Table of Contents

2017 Month : February Volume : 3 Issue : 1 Page : 11 to 13

IDENTIFY THE 3D STRUCTURE OF ENVELOPE SMALL MEMBRANE (sM PROTEIN) PROTEIN OF HUMAN SARS CORONAVIRUS (SARS-CoV; SEVERE ACUTE RESPIRATORY SYNDROME CORONAVIRUS) USING HOMOLOGY MODELING.

Dr. Harish Kumar Dhingra1, Pratima Bajpai2

1Assistant Professor, Department of Biosciences, College of Arts, Science and Humanities, Mody University, Rajasthan.
2Assistant Professor, Department of Biosciences, College of Arts, Science and Humanities, Mody University, Rajasthan.

Corresponding Author:
Dr. Harish Kumar Dhingra,
Assistant Professor,
Department of Biosciences,
College of Arts, Science and Humanities,
Mody University, Rajasthan.
E-mail: harishdhingra2000@gmail.com


ABSTRACT

Homology modelling can be used to determine the 3D structure of proteins. It uses available high-resolution protein structures to produce a model of a protein of similar, but unknown structure. Herein, the article describes the essential steps in the process and discusses the circumstances in which homology modelling is likely to give a useful result. Homology modelling plays a valuable role in drug designing. The article describes the drug designing concept using an example of anti-SARS inhibitors.

 

KEYWORDS

Molecular Modeling, Model Building.

 

How to cite this article

Dhingra HK, Bajpai P. Identify the 3D structure of envelope small membrane (sM protein) protein of human SARS coronavirus (SARS-CoV; severe acute respiratory syndrome coronavirus) using homology modeling. J. Technological Advances and Scientific Res. 2017;3(1):11-13, DOI: 10.14260/jtasr/2017/04

BACKGROUND

It is almost 50 years since the first protein crystal structure of myoglobin was solved.1,2 With the advances in techniques of experimental structural biology as well as in whole-genome sequencing in the late decade of twentieth century, the excitement of solving a single-crystal structure has been replaced by determining protein structures on a large scale. This was a start of new era in structural biology of determining the protein structure.3-6 The Protein Data Bank (PDB), which is an electronic repository for obtaining 3D structures of proteins and nucleic acids is very popular tool to know the structure of protein and now a days these initiatives contribute very much to the newly structured families of proteins.7

There are currently (5th January, 2017) 116511 protein structures in the PDB (Table 1). Although, this number is increasing rapidly, there remains a vast gap between the number of available gene sequences and experimentally solved protein structures by applying physical techniques.
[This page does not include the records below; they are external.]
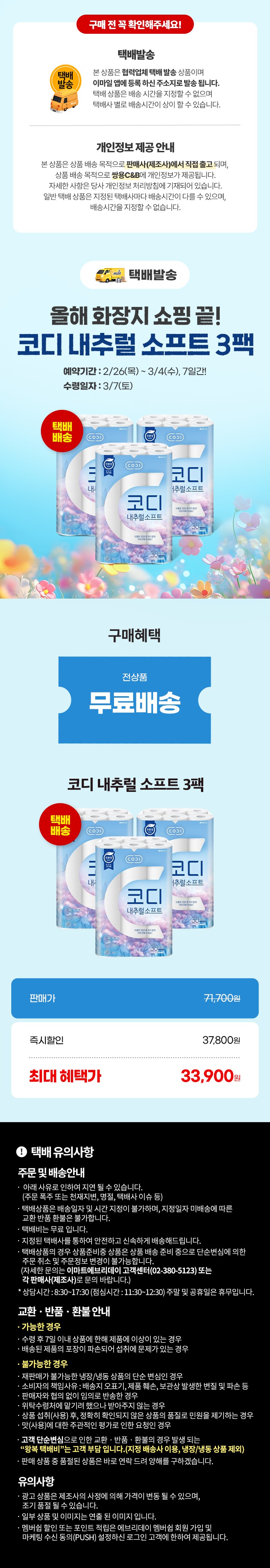 코디 내추럴소프트3겹 27m*30롤 3팩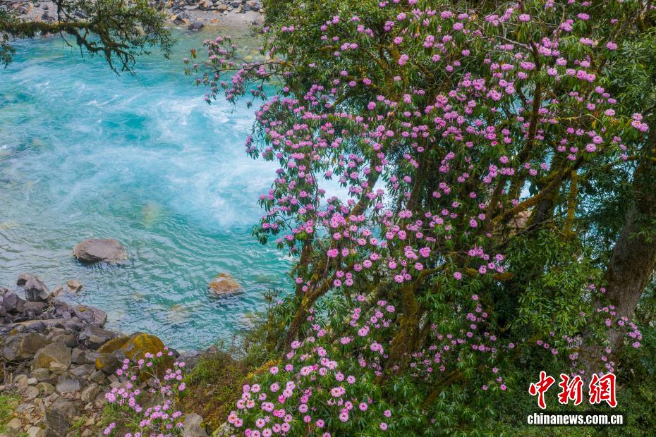 近日,流經(jīng)西藏那曲市嘉黎縣至林芝市波密縣的易貢藏布(也稱易貢河)流域,迎來高山杜鵑最佳觀賞期。作為雅魯藏布江的二級支流,易貢藏布兩岸山巒疊嶂,高山峽谷間,成片高山杜鵑競相綻放。粉白、紫紅的花朵點綴于蒼松翠柏之間,與蜿蜒的河流相互映襯,構(gòu)成一幅壯麗的高原生態(tài)畫卷。圖為3月28日,奔騰的易貢藏布與盛開的高山杜鵑。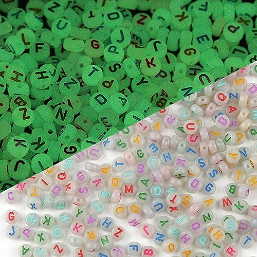 Perline con Lettere e Numeri per Braccialetti, 800 PZ Lettera Perline e Numeri Perle Acrilico per Gioielli Fai Da Te Collane Braccialetti Bigiotteria Arti e Mestieri(Fluorescenti e Non Fluorescenti)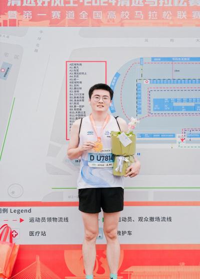 首次参赛的阳光跑团23级临床医学专业的汪昊同学带伤参赛,仍以1小时17分17秒的优异表现,夺得深大半程马拉松21.095公里组参赛组成员第1名、高校组第5名,荣获2024年清远半程马拉松男子组第18名。

Applied techniques carry on much more slowly than genome sequencing; and since many more genome sequences are in the pipeline, this gap must surely grow. Various projects on structural genomics want to determine the 3D model of the various proteins, this means that instead of trying to characterise the structure of every protein experimentally, it would be advantageous to start from already available protein structures and employ various computation techniques to determine the structure for the related proteins. This method is known as homology modelling.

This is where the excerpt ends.